Is an interactive command a block?

Alf P. Steinbach alfps at start.no
Fri Nov 20 10:23:48 EST 2009


* Benjamin Kaplan:
> On Thu, Nov 19, 2009 at 4:42 PM, Alf P. Steinbach <alfps at start.no> wrote:
>> * Steven D'Aprano:
>>
>> I feel that there's still something lacking in my understanding though, like
>> how/where the "really actually just pure local not also global" is defined
>> for function definition, but it's now just a vague feeling of something
>> missing, not a feeling of direct contradiction as I had when I believed
>> local != global.
>>
> 
> It's because the only blocks in python that have their own scope are
> classes and functions.

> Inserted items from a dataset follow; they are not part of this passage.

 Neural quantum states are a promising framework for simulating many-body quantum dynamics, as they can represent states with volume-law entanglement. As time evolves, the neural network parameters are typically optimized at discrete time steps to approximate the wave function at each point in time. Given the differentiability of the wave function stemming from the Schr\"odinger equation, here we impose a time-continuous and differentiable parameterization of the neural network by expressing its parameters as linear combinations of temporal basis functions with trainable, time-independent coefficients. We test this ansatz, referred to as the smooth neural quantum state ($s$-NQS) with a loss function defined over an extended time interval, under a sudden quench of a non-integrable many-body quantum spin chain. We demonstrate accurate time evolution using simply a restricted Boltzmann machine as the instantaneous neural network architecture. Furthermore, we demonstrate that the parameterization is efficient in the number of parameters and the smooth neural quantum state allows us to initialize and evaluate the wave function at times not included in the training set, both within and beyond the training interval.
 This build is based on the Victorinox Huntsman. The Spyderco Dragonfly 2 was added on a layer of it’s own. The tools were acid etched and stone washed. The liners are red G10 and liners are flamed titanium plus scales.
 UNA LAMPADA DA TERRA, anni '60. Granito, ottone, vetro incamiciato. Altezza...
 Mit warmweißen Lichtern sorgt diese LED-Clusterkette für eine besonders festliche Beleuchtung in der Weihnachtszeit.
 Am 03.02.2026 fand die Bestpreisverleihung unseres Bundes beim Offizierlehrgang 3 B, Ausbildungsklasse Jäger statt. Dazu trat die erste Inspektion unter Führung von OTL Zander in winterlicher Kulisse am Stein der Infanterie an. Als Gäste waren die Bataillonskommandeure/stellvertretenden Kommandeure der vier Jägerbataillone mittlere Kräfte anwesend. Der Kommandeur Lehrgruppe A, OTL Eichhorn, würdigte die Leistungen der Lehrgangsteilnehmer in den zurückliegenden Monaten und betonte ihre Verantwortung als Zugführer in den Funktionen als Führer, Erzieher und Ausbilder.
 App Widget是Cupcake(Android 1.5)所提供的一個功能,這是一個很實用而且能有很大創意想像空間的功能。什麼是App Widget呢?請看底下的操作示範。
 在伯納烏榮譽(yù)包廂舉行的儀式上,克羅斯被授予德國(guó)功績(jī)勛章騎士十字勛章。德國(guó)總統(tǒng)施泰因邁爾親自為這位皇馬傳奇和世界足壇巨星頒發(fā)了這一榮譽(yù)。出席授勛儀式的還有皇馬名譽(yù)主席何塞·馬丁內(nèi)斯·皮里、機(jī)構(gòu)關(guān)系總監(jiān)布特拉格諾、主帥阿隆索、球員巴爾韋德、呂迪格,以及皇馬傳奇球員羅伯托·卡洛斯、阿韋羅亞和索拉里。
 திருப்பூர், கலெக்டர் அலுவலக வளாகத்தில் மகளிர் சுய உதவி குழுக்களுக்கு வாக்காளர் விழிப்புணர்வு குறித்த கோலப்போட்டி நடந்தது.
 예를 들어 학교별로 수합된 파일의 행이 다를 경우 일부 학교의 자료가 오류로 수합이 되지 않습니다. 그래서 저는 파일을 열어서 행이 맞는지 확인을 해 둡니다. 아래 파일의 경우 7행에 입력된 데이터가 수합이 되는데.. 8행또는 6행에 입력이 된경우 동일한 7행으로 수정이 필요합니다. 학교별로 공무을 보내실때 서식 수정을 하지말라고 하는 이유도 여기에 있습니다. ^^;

For loops don't have their own scope- they use
> the enclosing one, which in this case is globals.

Thanks, but hey, contradiction: you mention globals as an "enclosing" scope, 
i.e. that a module can have a scope, while stating that only classes and 
functions have their own scope (so, would a module have it's not own scope?).

I think, having now read up and down and sideways in the docs, that the proper 
term in Python is "namespace", and that "scope" in Python refers to where the 
names in a namespace are directly accessible, with a special case for classes, 
namely that the scope of a class' namespace doesn't penetrate down into function 
definitions, hence problem with comprehensions expressed directly in a class 
definition. I believe that's a so called language "wart"  --  which C++ is full 
of, just now discovering some of Python's :-). It's almost like C++'s "most 
vexing parse", a natural and apparently meaningful source code construct that 
due to the detailed rules turns out to be meaningless. I wish language designers 
could be a little less hooked on low level consistency. Because it makes for 
high level inconsistency, very difficult to explain without zillions of details.

But anyways, it's starting to make more sense, yes.